Contudo, embora nenhum documento anterior tenha sobrevivido, muitas tentativas foram feitas para deduzir qual poderia ter sido seu conteúdo, baseado principalmente em comparações de passagens semelhantes nos evangelhos sinópticos.
'Q’ e o Evangelho dos provérbios
A mais conhecida delas é uma hipótese que pressupõe que passagens comuns a Mateus e Lucas, mas não Marcos, originam-se de um fonte perdida conhecida como ‘Q’. Isso ganhou tanta popularidade que muitos falam como se o documento realmente existisse; isso não acontece. As chamadas cópias de ‘Q’ são reconstruções recentes de seu suposto texto. É muito importante ter isso em mente; porque muitos críticos modernos citam 'Q’ como se fornecesse prova da maneira pela qual eles afirmam que os evangelhos foram adaptados de fontes anteriores. Mas desde ‘Q’ foi derivado usando suposições semelhantes, isso não prova nada além da possibilidade de que um documento semelhante, ou documentos, poderia existiram e foram usados como fonte.

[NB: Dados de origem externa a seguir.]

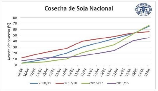 Volvió a subir la estimación de mayo de soja, ya con un 65% de avance de cosecha. Se afirma el rinde nacional récord, ahora con 33,7 qq/ha, medio quintal más que en el informe anterior. El porqué de esta suba, 1 M de tn más que hace un mes, es explicado en gran parte por los resultados de las cosechadoras cordobesas. De todas maneras, es importante aclarar que sigue habiendo una situación muy compleja en la provincia de Chaco.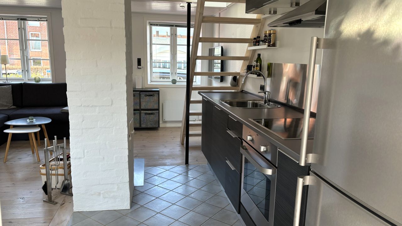 Køkken i åbent plan til 3-fags stue med brændeovn og opgang til 1.sal.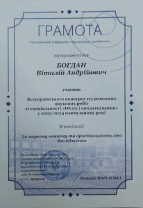 - Віталій Богдан, студент 3 курсу, був відзначений Грамотою за наукову новизну. Науковий керівник — доцент Ярова Валентина Василівна.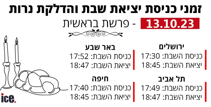 על רקע מלחמת 'חרבות ברזל', רגע לפני שהשבת נכנסת, ice עושה לכם סדר, כמדי שבוע, בזמני כניסת ויציאת שבת והדלקת נרות. והשבוע, "בראשית" ליום שבת של ה-13.10.2023 עד מוצאי שבת ב-14.10.2023 וגם: מה מזג האוויר הצפוי לסוף השבוע?

Contudo, muitas dessas teorias vão muito além do que pode ser razoavelmente concluído nos domínios da pura conjectura. O mais conhecido deles é o chamado ‘Evangelho dos Provérbios’. Este é um suposto ‘original’ evangelho que foi derivado por um processo de extrapolação do 'Q’ texto, baseado em suposições não comprovadas e amplamente contestadas sobre o tipo de coisas que Jesus teria ou não feito e dito. (Por exemplo. afirma-se que Jesus não fez nenhum milagre, ou ensine sobre a ressurreição dos mortos, então tais passagens não podem ser originais, etc..)
O Evangelho de Tomé
Outro documento que é de particular interesse para os estudiosos, no entanto, é o Evangelho de Tomé, que pretende conter palavras secretas de Jesus. Embora seja posterior aos evangelhos sinópticos, e evidentemente adulterado, mostra evidências de ter tido acesso a uma fonte semelhante aos supostos textos pré-sinóticos. Isto o torna potencialmente útil para analistas textuais, mesmo que sua veracidade seja suspeita.. Contudo, vários críticos modernos procuraram novamente promover Thomas a uma posição mais elevada do que aquela que merece, aparentemente em um esforço para encontrar uma alternativa ao testemunho dos textos sinópticos.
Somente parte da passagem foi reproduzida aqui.